[Dataset excerpts]
※

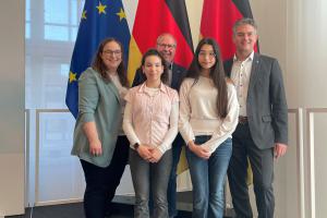Am vergangenen Freitag, dem 27.02.2026, nahmen Erva Bayram und Noelle Trostel den Preis stellvertretend für die AG entgegen. Ministerpräsident Alexander Schweitzer, Schirmherr des Wettbewerbs, händigte die Urkunde in der Staatskanzlei Mainz aus. Die Jury hob besonders hervor, dass das Projekt einen wichtigen Beitrag zu einem respektvollen und offenen Schulklima leistet und jungen Menschen eine Stimme gibt. Zur Preisverleihung reisten auch Heiko Sippel (Landrat des Landkreises Alzey-Worms) und Steffen Jung (Bürgermeister der Stadt Alzey) an, um der Toleranz-AG zum Gewinn zu gratulieren.
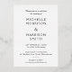 Elegant, minimalist, typographic design with black and warm rose gold real foil lettering. The back of the invitation features black elegant script with your wedding details.
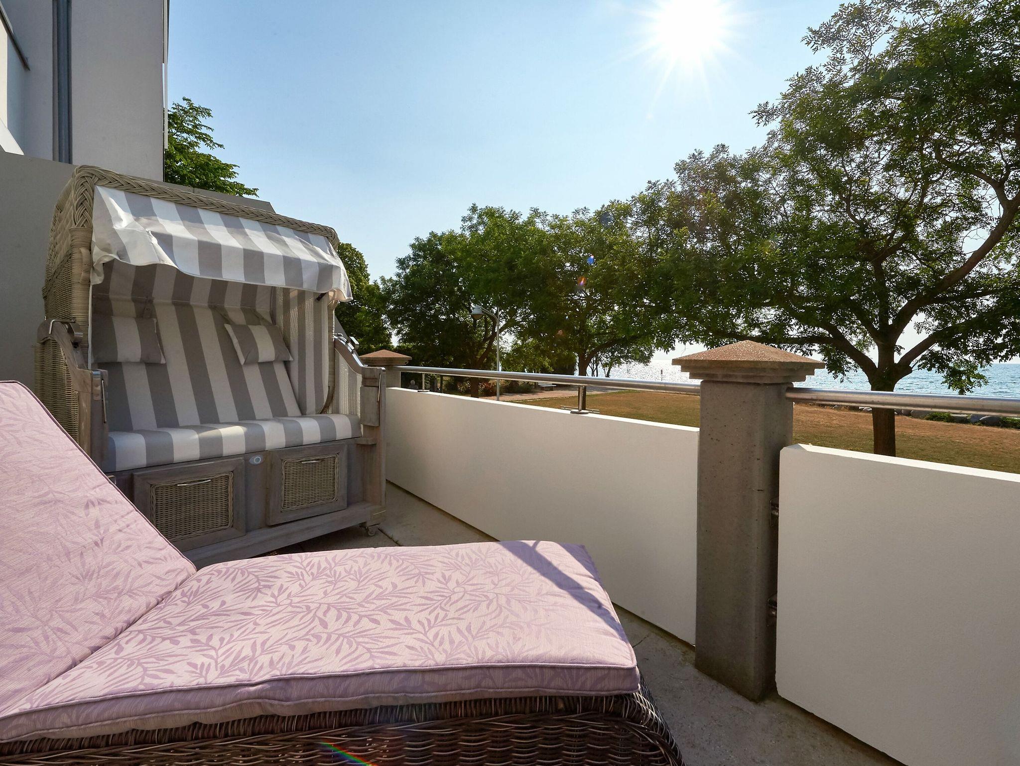 Terrasse, nach Süden ausgerichtet mit Strandkorb und grandiosen Sonnenaufgängen, Meerblick und Meeresrauschen Die Balkon- bzw. Terrassenmöbel stehen saisonal - in der Regel von Mai bis Ende September - zur Verfügung.
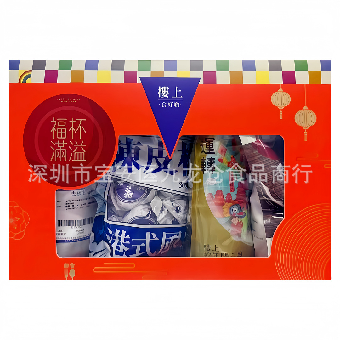 卸売り香港輸入階上金龍呈祥セット新年礼箱年品開心果腰果ブルーベリーマンゴー乾燥
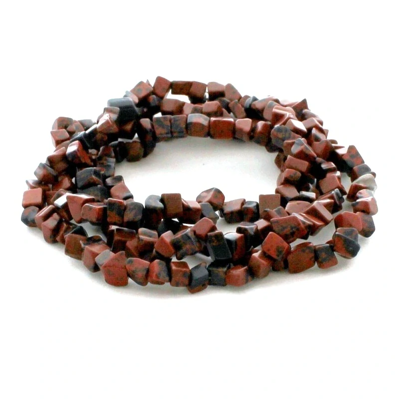 Obsidián mahagonový, vrtané zlomky – 20 cm návlekuSkladem 6 bal.28 Kč/ bal.
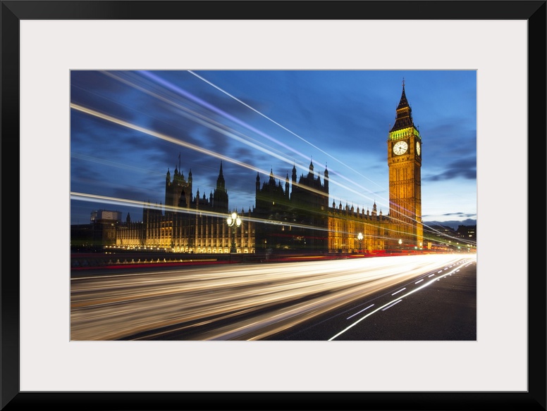 <p>Houses of Parliament and Big Ben floodlit at night with colourful light trails from passing traffic on Westminster Bridge, London, England, United Kingdom, Europe</p>
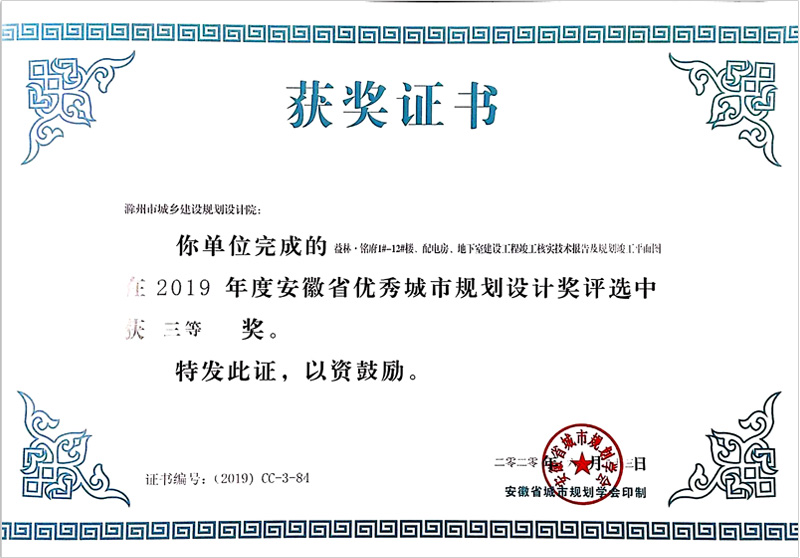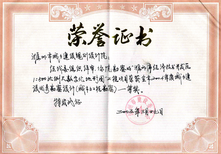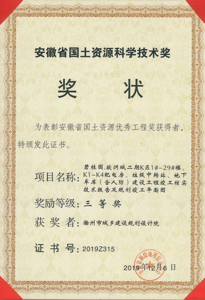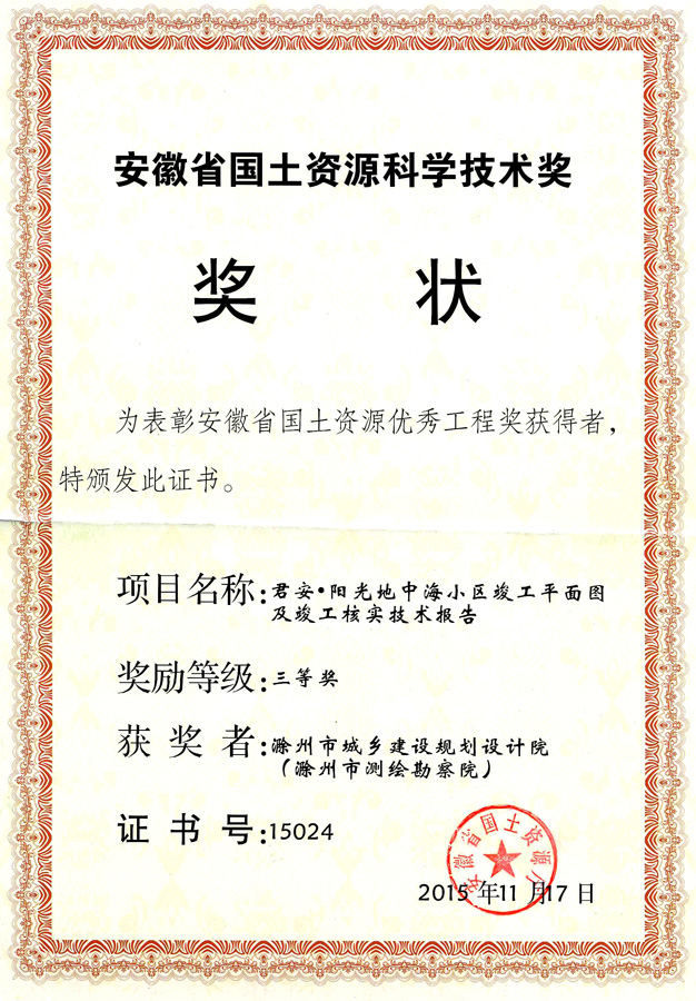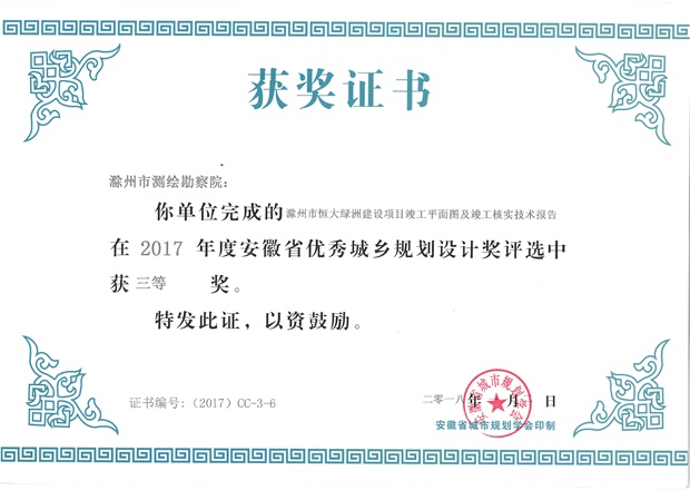 滁州市經開區(qū)地形圖測繪規(guī)劃獲獎證書
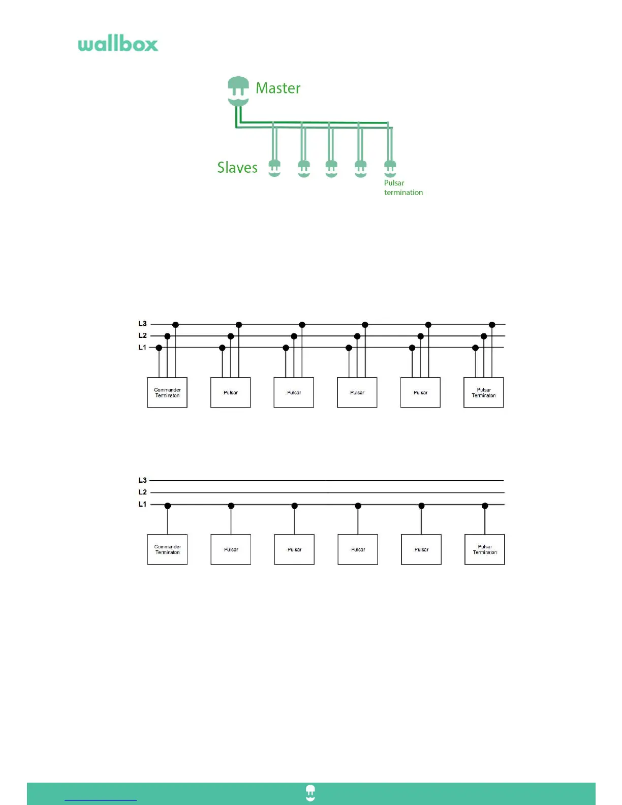 Diagram of connection for Power Sharing on single-phase. All chargers must be connected to same line.
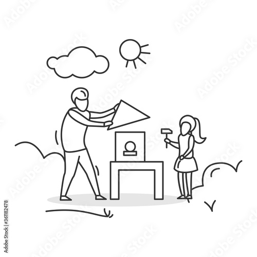Huge microphone and micro male and female characters with headphones, megaphone, music notes, DJ using mixing decks, vector illustration. Night club show live music concept for web banner website page
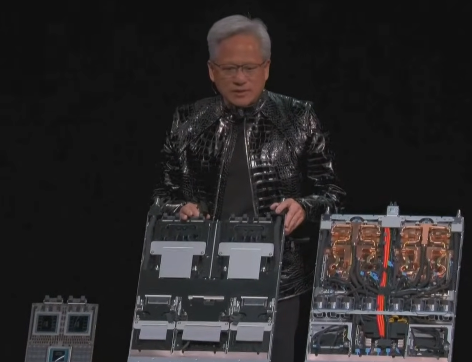 这总共有两英里的铜缆,5,000 根铜缆。这使得 NVLink Spine 成为可能。这是真正开启了 NGX 系统的革命,我们决定创建一个行业标准系统,以便整个生态系统、我们所有的供应链都可以标准化这些组件。有大约 80,000 个不同的组件组成了这些 NGX 系统。
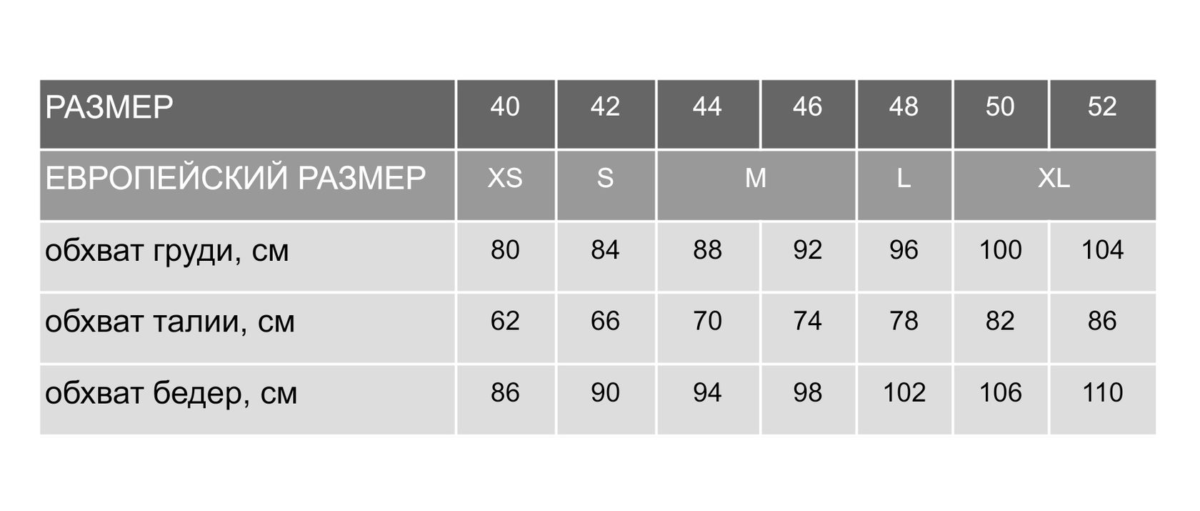 Справочник по размерам
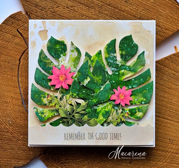 Macarena can’t wait some warmer days so she’s made a very summer card using Simon Says Stamp Monstera Wafer die as a focal point and covered the leaves with several layers of green shades of Tim Holtz Distress St. Patrick’s Mica Stain Bundle.

※

Action item: Please copy exactly the lines from the one containing "卸売り香港輸入階上金龍呈祥セット新年礼箱年品開心果腰果ブルーベリーマンゴー乾燥" through the last line of the records, both ends included, and leave out any pictures.

Task output:
 卸売り香港輸入階上金龍呈祥セット新年礼箱年品開心果腰果ブルーベリーマンゴー乾燥
 Obsidián mahagonový, vrtané zlomky – 20 cm návlekuSkladem 6 bal.28 Kč/ bal.
 <p>Houses of Parliament and Big Ben floodlit at night with colourful light trails from passing traffic on Westminster Bridge, London, England, United Kingdom, Europe</p>
 滁州市經開區(qū)地形圖測繪規(guī)劃獲獎證書
 Diagram of connection for Power Sharing on single-phase. All chargers must be connected to same line.
Huge microphone and micro male and female characters with headphones, megaphone, music notes, DJ using mixing decks, vector illustration. Night club show live music concept for web banner website page
 这总共有两英里的铜缆,5,000 根铜缆。这使得 NVLink Spine 成为可能。这是真正开启了 NGX 系统的革命,我们决定创建一个行业标准系统,以便整个生态系统、我们所有的供应链都可以标准化这些组件。有大约 80,000 个不同的组件组成了这些 NGX 系统。
 Справочник по размерам
 Macarena can’t wait some warmer days so she’s made a very summer card using Simon Says Stamp Monstera Wafer die as a focal point and covered the leaves with several layers of green shades of Tim Holtz Distress St. Patrick’s Mica Stain Bundle.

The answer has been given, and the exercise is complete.